(Description of the task):
Return each line of the records with nothing changed, pictures excepted.

(Given data):
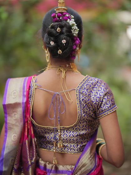 A complete look requires beautiful hair. My course includes professional hairstyling techniques, focusing on elegant updos and traditional styles like the Maharashtrian khopa, perfect for bridal and festive occasions.
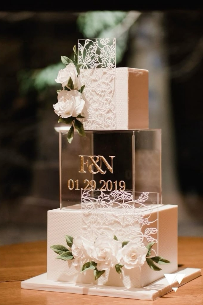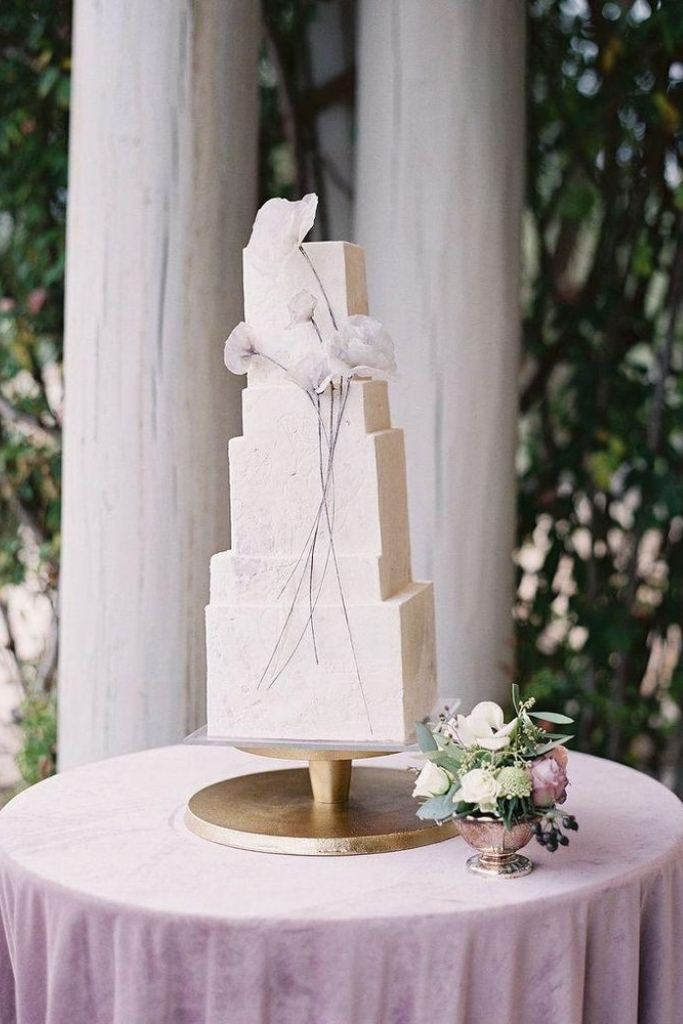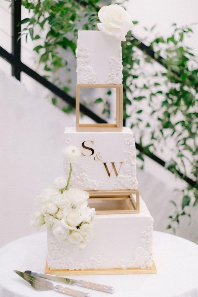 O bolo de casamento quadrado é considerado moderno e é a cara de uma festa na cidade, bem descolada.
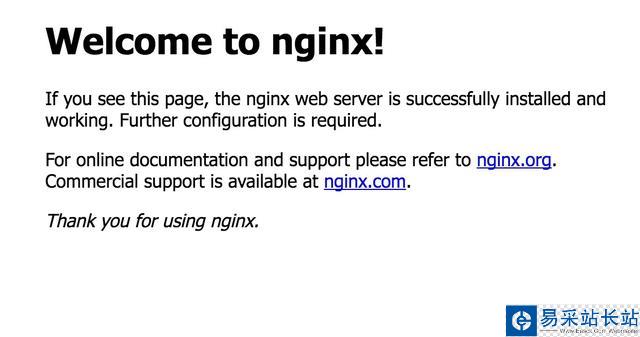 Nginx會默認安裝在/usr/local/nginx目錄,我們cd到/usr/local/nginx/sbin/目錄,存在一個Nginx二進制可執行文件。直接運行就可以啟動Nginx。運行成功后打開瀏覽器訪問此機器的IP,出現如下畫面即為成功。
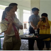 Their lesson for the day was about the Kim's Games. It was a game based merely on keen observation. The lesson proper started by 8:15 AM and was finished by 8:45 AM. It was a short lesson since the lesson was more on applying what they have learned. The teachers for the day have prepared only two activities, but the first activity will have its mechanics changed after the completion of each. The first game was to guess an item by the sense of touch. Each guide will have the Boy Scouts memorize the items on the table within the given time; when the time is up, the guides will have the Boy Scouts blindfolded. The teachers will hand the Boy Scouts an item and the Boy Scouts will guess what it is, only by feeling it. Each Boy Scout had the chance to do this game, and everyone enjoyed. They finished by 9:45 AM. Their next game was done by pairs. The teachers laid out 5 things in the table, and, they will be covered with a cloth; by the time the cloth is lifted, an item will be gone, and they will guess which is. The first one to guess which item is gone will be the winner. Everyone was happy to play games, and they finished the activity by 10:30 AM.
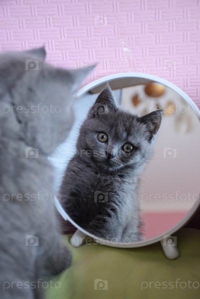 серый котик в зеркале
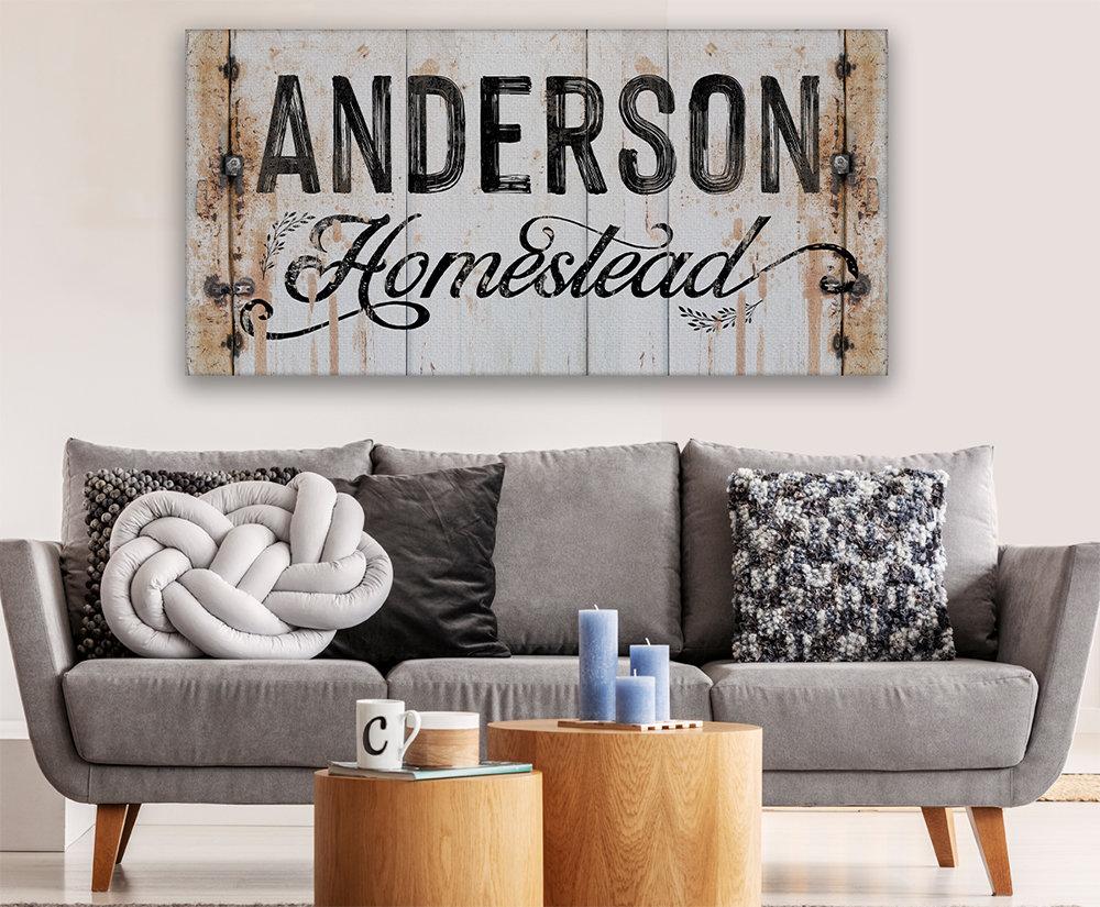 Personalized - Homestead -Large Canvas Art (Not Printed on Wood)-Stretched on a Wood Frame-Above a Couch Living Room Decor-Housewarming Gift
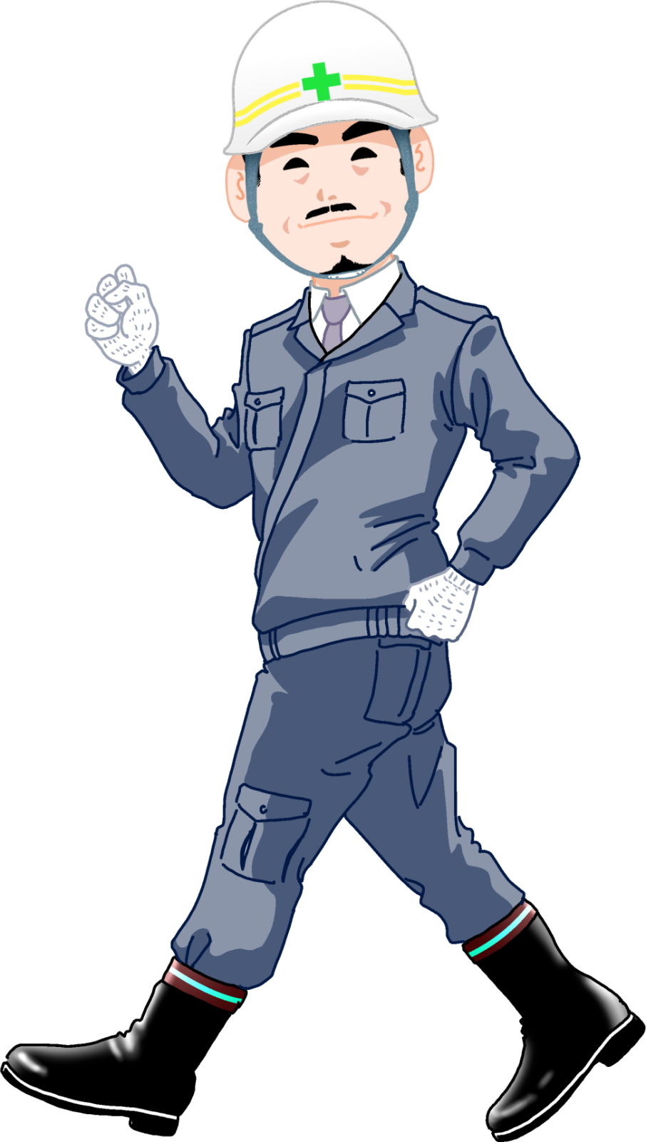 笑顔で歩く現場監督のイラスト
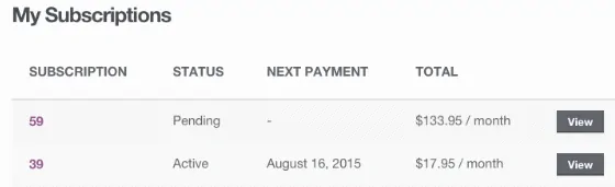 The plugin comes with a comprehensive set of subscription management options, allowing you to know the status of each individual subscription in great detail. Simply navigate to Subscriptions from your WooCommerce admin and for each subscription, you’ll find information for its current status, payment amount, start date, trial end date, next payment date and so on.
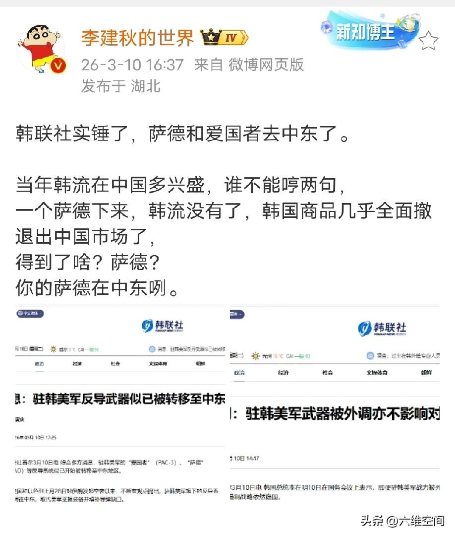 伊朗打美国的萨德系统,把韩国打成小丑了,韩国自己证实当年韩国花巨资并付出巨大代价换来的萨德系统,已经被美国搬到中东了,李在明承认反对美国这样做但是阻止不了,所以你说伊朗是不是把韩国打成小丑了! 其实为什么美国一定要把这些防空武器搬到中东,其实就是因为以色列,伊朗把美国在中东的萨德系统都打掉了,这些防空系统,实际上是以色列在用的,为什么以色列之前拦截伊朗导弹的拦截率那么高,因为伊朗的导弹刚一发射,就被这些部署在海湾国家的萨德系统捕捉到了,而且数据实时共享给以色列,以色列本土的防空系统就有充足的反应时间,所以拦截率很高,这两天美国这些防空系统被打掉后,伊朗打以色列的导弹成功率高很多了,就是因为没有美国萨德系统提前预警了,所以以色列肯定要求美国赶紧把亚洲的这些防空系统搬到中东,在美国心里,以色列肯定比韩国日本这些更重要!
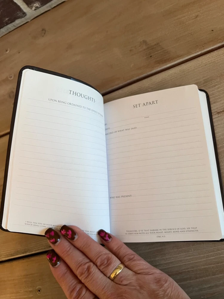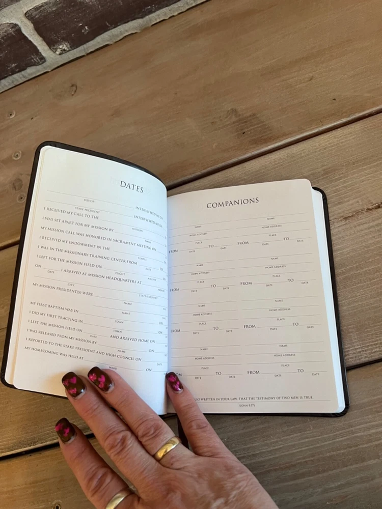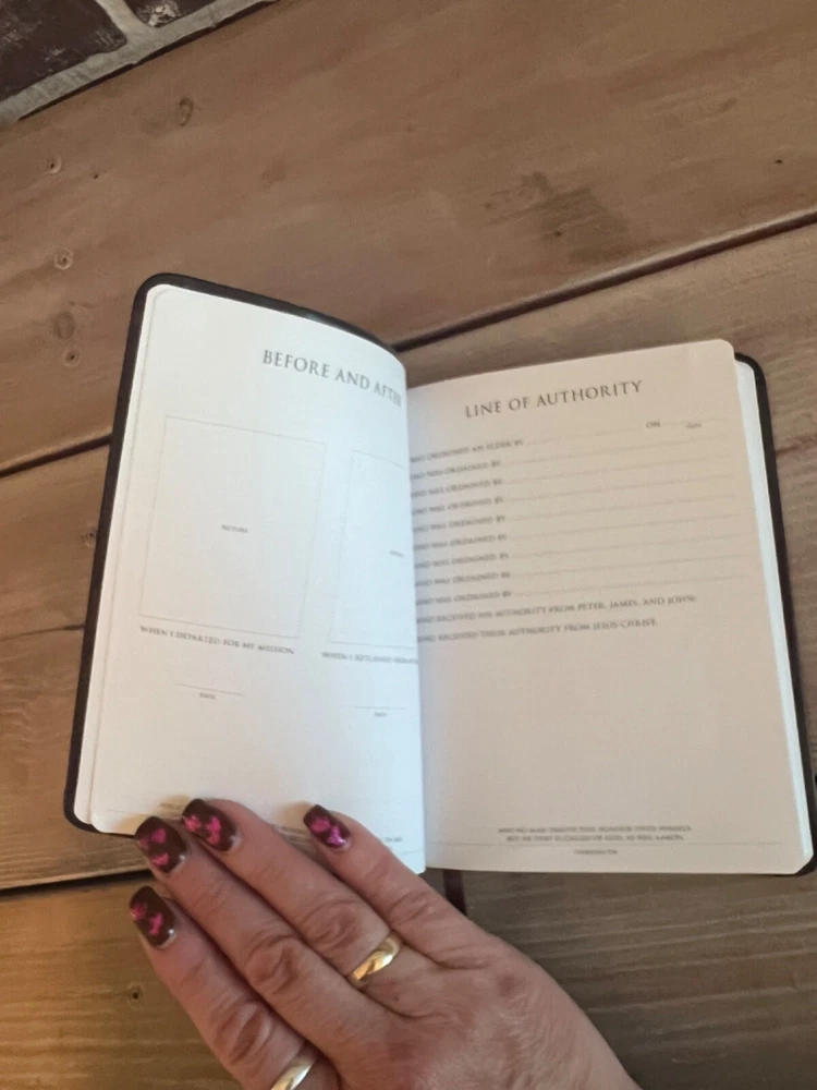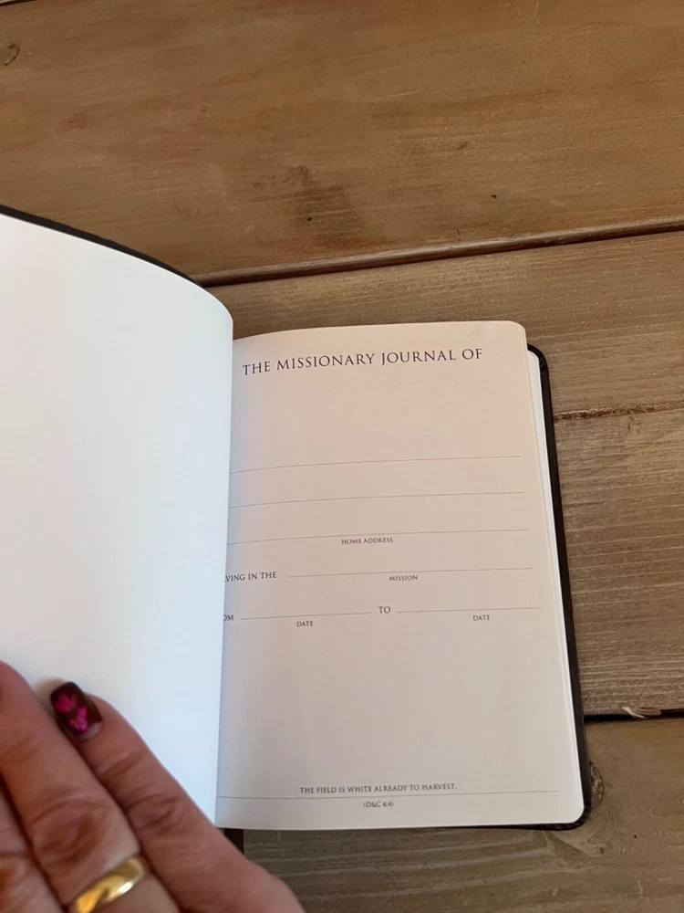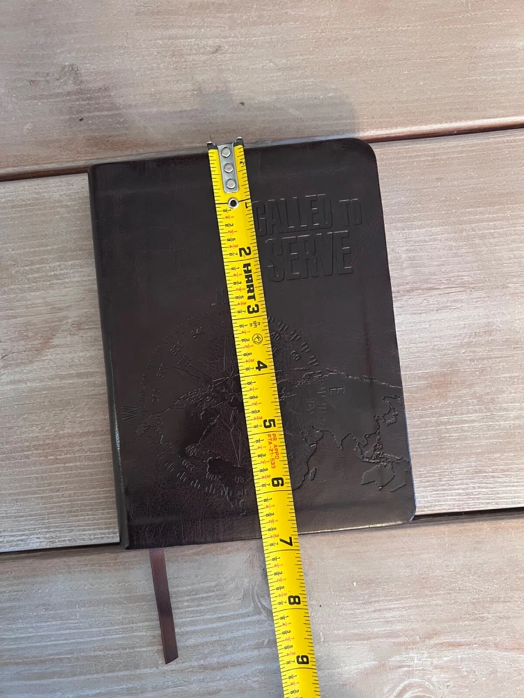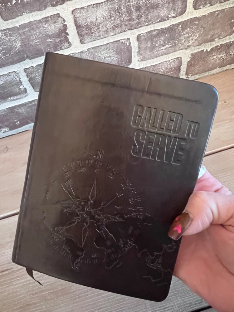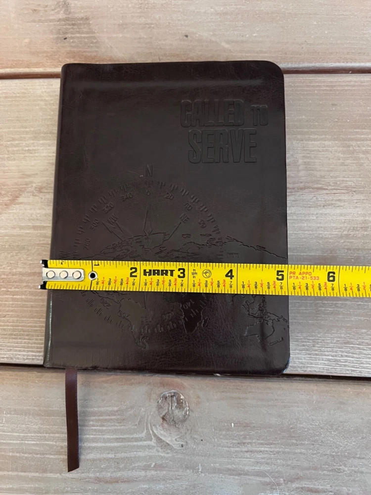 This is an unused Missionary Journal with "Called to Serve" with compass and globe imprinted on the front. There are pages on the inside that allow the missionary to document important information to create a legacy book of information of their time in the mission field. This is for the LDS mission.

(Written answer):
 A complete look requires beautiful hair. My course includes professional hairstyling techniques, focusing on elegant updos and traditional styles like the Maharashtrian khopa, perfect for bridal and festive occasions.
 O bolo de casamento quadrado é considerado moderno e é a cara de uma festa na cidade, bem descolada.
 Nginx會默認安裝在/usr/local/nginx目錄,我們cd到/usr/local/nginx/sbin/目錄,存在一個Nginx二進制可執行文件。直接運行就可以啟動Nginx。運行成功后打開瀏覽器訪問此機器的IP,出現如下畫面即為成功。
 Their lesson for the day was about the Kim's Games. It was a game based merely on keen observation. The lesson proper started by 8:15 AM and was finished by 8:45 AM. It was a short lesson since the lesson was more on applying what they have learned. The teachers for the day have prepared only two activities, but the first activity will have its mechanics changed after the completion of each. The first game was to guess an item by the sense of touch. Each guide will have the Boy Scouts memorize the items on the table within the given time; when the time is up, the guides will have the Boy Scouts blindfolded. The teachers will hand the Boy Scouts an item and the Boy Scouts will guess what it is, only by feeling it. Each Boy Scout had the chance to do this game, and everyone enjoyed. They finished by 9:45 AM. Their next game was done by pairs. The teachers laid out 5 things in the table, and, they will be covered with a cloth; by the time the cloth is lifted, an item will be gone, and they will guess which is. The first one to guess which item is gone will be the winner. Everyone was happy to play games, and they finished the activity by 10:30 AM.
 серый котик в зеркале
 Personalized - Homestead -Large Canvas Art (Not Printed on Wood)-Stretched on a Wood Frame-Above a Couch Living Room Decor-Housewarming Gift
 笑顔で歩く現場監督のイラスト
 The plugin comes with a comprehensive set of subscription management options, allowing you to know the status of each individual subscription in great detail. Simply navigate to Subscriptions from your WooCommerce admin and for each subscription, you’ll find information for its current status, payment amount, start date, trial end date, next payment date and so on.
 伊朗打美国的萨德系统,把韩国打成小丑了,韩国自己证实当年韩国花巨资并付出巨大代价换来的萨德系统,已经被美国搬到中东了,李在明承认反对美国这样做但是阻止不了,所以你说伊朗是不是把韩国打成小丑了! 其实为什么美国一定要把这些防空武器搬到中东,其实就是因为以色列,伊朗把美国在中东的萨德系统都打掉了,这些防空系统,实际上是以色列在用的,为什么以色列之前拦截伊朗导弹的拦截率那么高,因为伊朗的导弹刚一发射,就被这些部署在海湾国家的萨德系统捕捉到了,而且数据实时共享给以色列,以色列本土的防空系统就有充足的反应时间,所以拦截率很高,这两天美国这些防空系统被打掉后,伊朗打以色列的导弹成功率高很多了,就是因为没有美国萨德系统提前预警了,所以以色列肯定要求美国赶紧把亚洲的这些防空系统搬到中东,在美国心里,以色列肯定比韩国日本这些更重要!
 This is an unused Missionary Journal with "Called to Serve" with compass and globe imprinted on the front. There are pages on the inside that allow the missionary to document important information to create a legacy book of information of their time in the mission field. This is for the LDS mission.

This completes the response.